I came home and did well, for the first month. Then I started doing crack in august 2002. I believe that related to me starting cutting again. In october, I started again. I was senior in high school about to turn eighteen. In november I stopped doing crack. But I continued cutting due to major depression that I had. December 1st I dropped out of high school. I had a rough month and on December 25 I took an overdose on sixty Advil. The next morning I woke up much to my dismay, so the following night I overdosed on seventy Tylenol. After waiting several days, I decided I should go to the doctor and see about my liver and stuff, so I did, I was admitted to a hospital here with liver damage. I was there for four days. December 31 to January 3 2003. I got let out without going to a psychiatric hospital. But within the month I was in the psych hospital due to another suicide attempt.

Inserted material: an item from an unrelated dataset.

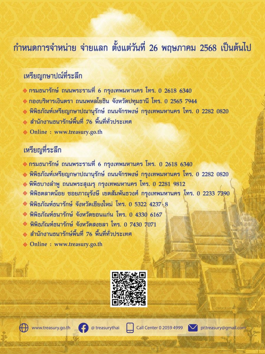 นายเอกนิติ อธิบดีกรมธนารักษ์ กล่าวว่า กรมธนารักษ์กำหนดเปิดจำหน่าย จ่ายแลก เหรียญกษาปณ์ที่ระลึก และเหรียญที่ระลึกดังกล่าว ตั้งแต่วันที่ 26 พฤษภาคม 2568 เป็นต้นไป ณ สถานที่ดังต่อไปนี้
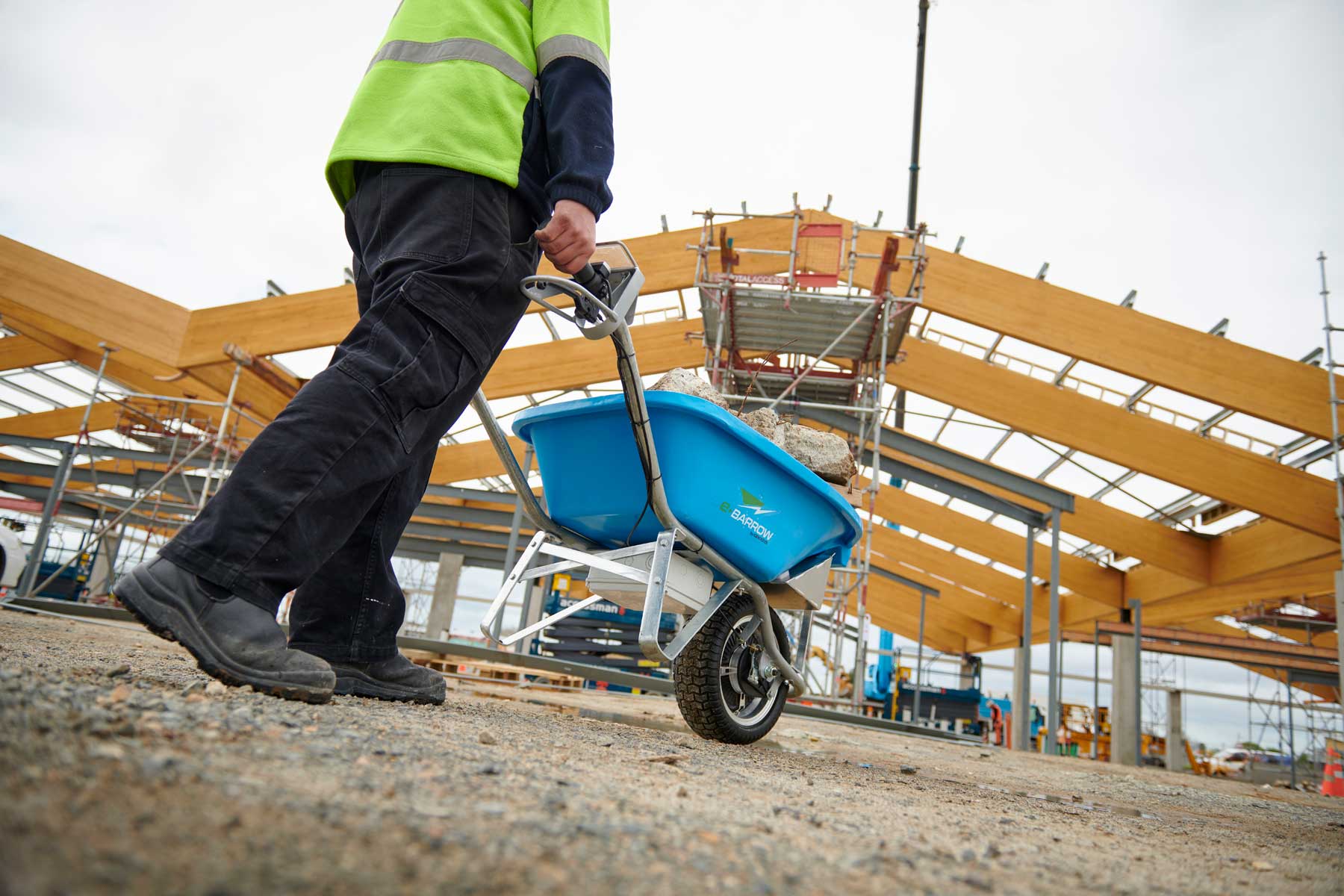 The E-Barrow does the pushing for you and comes with a tyre that is guaranteed not to go flat!

In this stay is when my dad decided to tell me that my mother (they have been divorced since I was four and she lived in California) had hepatitis C. I dealt with it OK, I suppose. I got out of the hopital within a week, enrolled back in school, and tried to go on with life. My mother told me she had plenty of time left. In march I dropped out of school again, and went to go get my GED. I did so and got a job, and decided to try to start my life as an ‘adult’.
Memorial day 2003, May 26th, I got a call from my grandpa at about noon. My mom had minor surgery, but due to her hepatitis she had internal bleeding and was in a coma. I remember that whole day vividly, and somehow I got through it without cutting. My friend and my boyfriend at the time and my dad where there with me all day. I remember at about 10:15 getting the call from my grandpa, telling me he had got there, that he had told her his goodbyes and mine, telling her I loved her, and then five minutes later she passed away. I didn’t know what to think or feel. But my friend and my boyfriend and my dad stayed with me all night. Summer wasn’t bad, I kept myself busy with work, and recreation drugs, my cutting was off and on, but in october I cut my wrist, and wond up in the hospital again. I got out within days, and then in December I wouldn up in the hosiptal again with liver damage from an OD of a hundred Tylenol. I got out. I ended up breaking up with my boyfriend and I had someone new move in to my apartment.
My cutting was off and on there but when I did it it was bad. I OD’d once on Benadryl, which landed me in a mental hopital because I was in pure hallucinations when cops picked me up from the food lion across from my apartment. I got out and mostly I just drank and smoked pot and partied it up. I moved home about a year a half ago. Since then my incidents have been about the same. Not to many, but when they are they are bad. I’ve wound up with stitches a couple times. Most of the time I got out of the psychiatric hospital because I didn’t have insurance. My last incident was about a month ago, when I cut my wrist again. I hope that it will be the last, but you never know honestly. All I can say is I’m just gonna try to take it one day at a time.